Твичел не был уволен. Все вышеописанное произошло двадцать два года тому назад. Твичел стал священником этой церкви сразу же после своего рукоположения. Он служит в ней до сих пор и ни разу не расставался с ней ради какой-нибудь другой. Сороковая годовщина его пребывания в этом приходе была отпразднована теми же самыми прихожанами и их потомками всего недели две тому назад. И чествование прошло с большим энтузиазмом. С тех пор Твичел не совершил больше ни одной политической ошибки. Упорство, с каким он на всех выборах голосовал как положено, злило меня все эти годы и было причиной многих моих ругательных писем к нему. Но эти ругательства были притворными. На самом деле я никогда не осуждал его за то, что он голосует за своих проклятых республиканцев, - по той простой причине, что человек в его положении, когда ему приходится кормить большую семью, отвечает в первую очередь не перед своей политической совестью, а перед своей отцовской совестью. Чтобы исполнить один долг, приходилось жертвовать другим. И в первую очередь он должен был заботиться о своей семье, а не о своей политической совести. Он пожертвовал своей политической независимостью и такой ценой спас свою семью. При подобных обстоятельствах это был высший и лучший род человечности. Будь он Генри Уордом Бичером, он не имел бы права приносить в жертву свою политическую совесть, так как в случае увольнения его ждали бы тысячи новых кафедр и его семья все равно была бы обеспечена хлебом насущным. А Твичелу пришлось бы идти на риск - и на риск весьма значительный. Мне представляется весьма сомнительным, чтобы ему - да и кому угодно еще - удалось поднять цены на недвижимость в западном Хартфорде. По-моему, когда мистер Хэббард так напугал собрание прихожан, он пустил в ход всю свою фантазию. Я считаю, что для Твичела безопасней всего было по возможности оставаться на прежнем месте. Он спас свою семью, а это, на мой взгляд, было его первейшим долгом.

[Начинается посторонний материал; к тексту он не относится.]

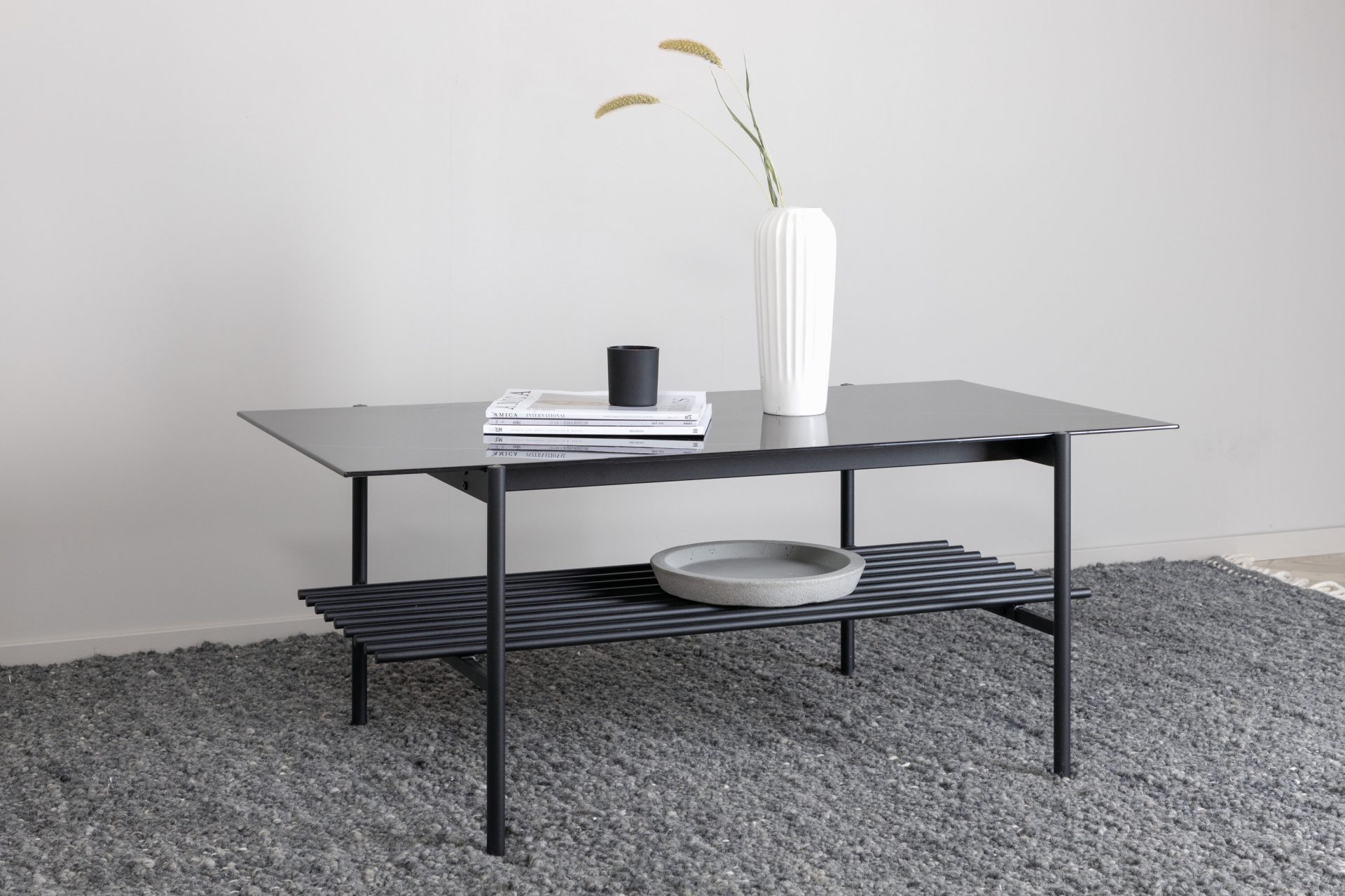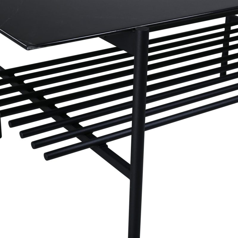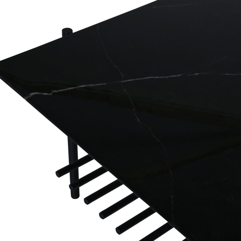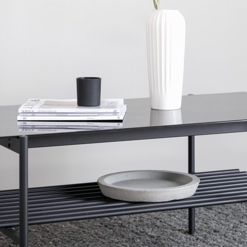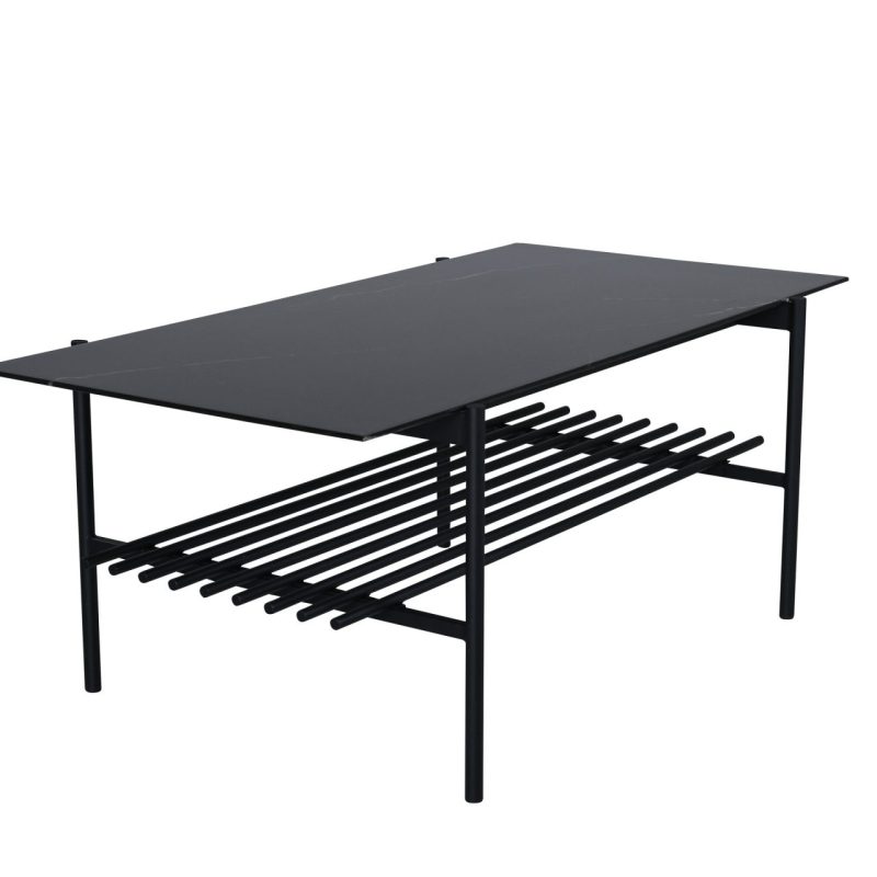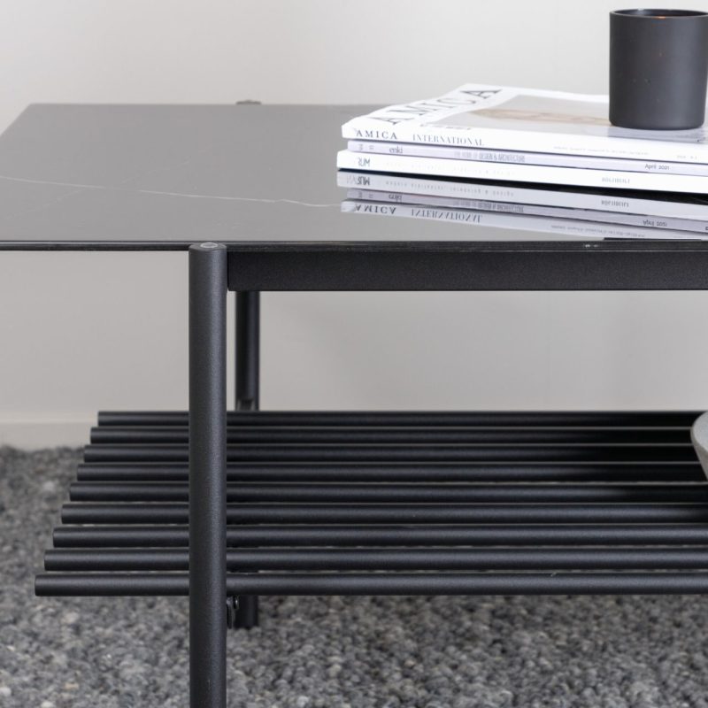 Tõsta oma elutuba Von Staf diivanilauaga. See ristkülikukujuline kohvilaud on varustatud stiilse musta marmorklaasist lauaplaadi ja stiilse musta metallraamiga, õhkudes modernset ja tööstuslikku võlu. Lauas on lisaruumi pakkuv sooniline riiul. Mõõtmetega 60x120x48 cm on see laud nii praktiline kui pilkupüüdev.

В нашей стране имеется примерно восемьдесят тысяч священников. Из них политической независимостью обладают человек двадцать, не больше, остальные ее лишены. Они должны голосовать за ту партию, к которой принадлежат их прихожане. Так они и поступают, и их нельзя осуждать. Причина, по которой они лишены политической независимости, заключена отчасти в них самих: они ведь не проповедуют политической независимости со своих кафедр. В том, что наш народ лишен политической независимости, повинны во многом и они.
Среда, 7 февраля 1906 г.
[СЮЗИ ПИШЕТ МОЮ БИОГРАФИЮ]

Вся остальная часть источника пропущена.